Thursday, January 07, 2010

The Fallout from The Crotch Bomber Continues

President Obama is scheduled to address the nation in about an hour about the security failures leading to the crotch bomber's attempted terrorist attack on Christmas will be interesting to see how he attempts to pick up the pieces.

Obama's National Security Advisor James Jones went public, promising the public that they would feel 'a certain shock'when they read the unclassified report of what went on.

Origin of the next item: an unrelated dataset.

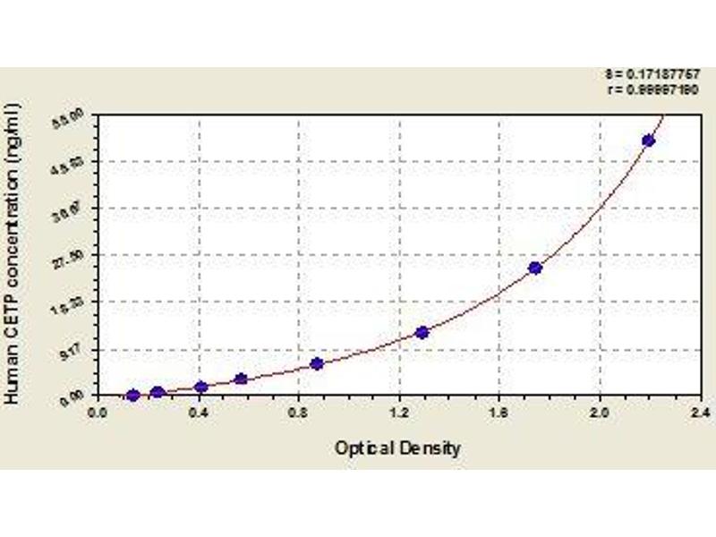 - Antibody specific for CETP has been pre-coated onto a microplate. Standards and samples are pipetted into the wells and any CETP present is bound by the immobilized antibody. After removing any unbound substances, a biotin-conjugated antibody specific for CETP is added to the wells. After washing, avidin conjugated Horseradish Peroxidase (HRP) is added to the wells. Following a wash to remove any unbound avidin-enzyme reagent, a substrate solution is added to the wells and color develops in proportion to the amount of CETP bound in the initial step. The color development is stopped and the intensity of the color is measured.

I personally doubt there will be much meat there, because actually identifying the problem with an eye towards solving it in the future would be inconvenient and put the Obama Administration and its policies in a particularly bad light.

For instance, the headlong rush to mirandize Abdulmutallab and allow him to lawyer up so quickly probably squandered an opportunity to gain more intelligence from him about al Qaeda, and about his network in Yemen in particular. Obama Administration spokesmouths are trying to spin this, saying Abdulmutallab provided intelligence before he stopped cooperating with the FBI interrogation team after a few hours, but they're obviously trying to cover themselves in a difficult situation.First of all, anyone who followed this situation live knows that there was very little real interrogation time, and certainly not enough to garner anything much of value. And given the Obama Administration's policy and treatment of those charged with the responsibility of interrogating terrorists, do you really think any of those FBI agents were going to risk their jobs doing anything but going through the motions?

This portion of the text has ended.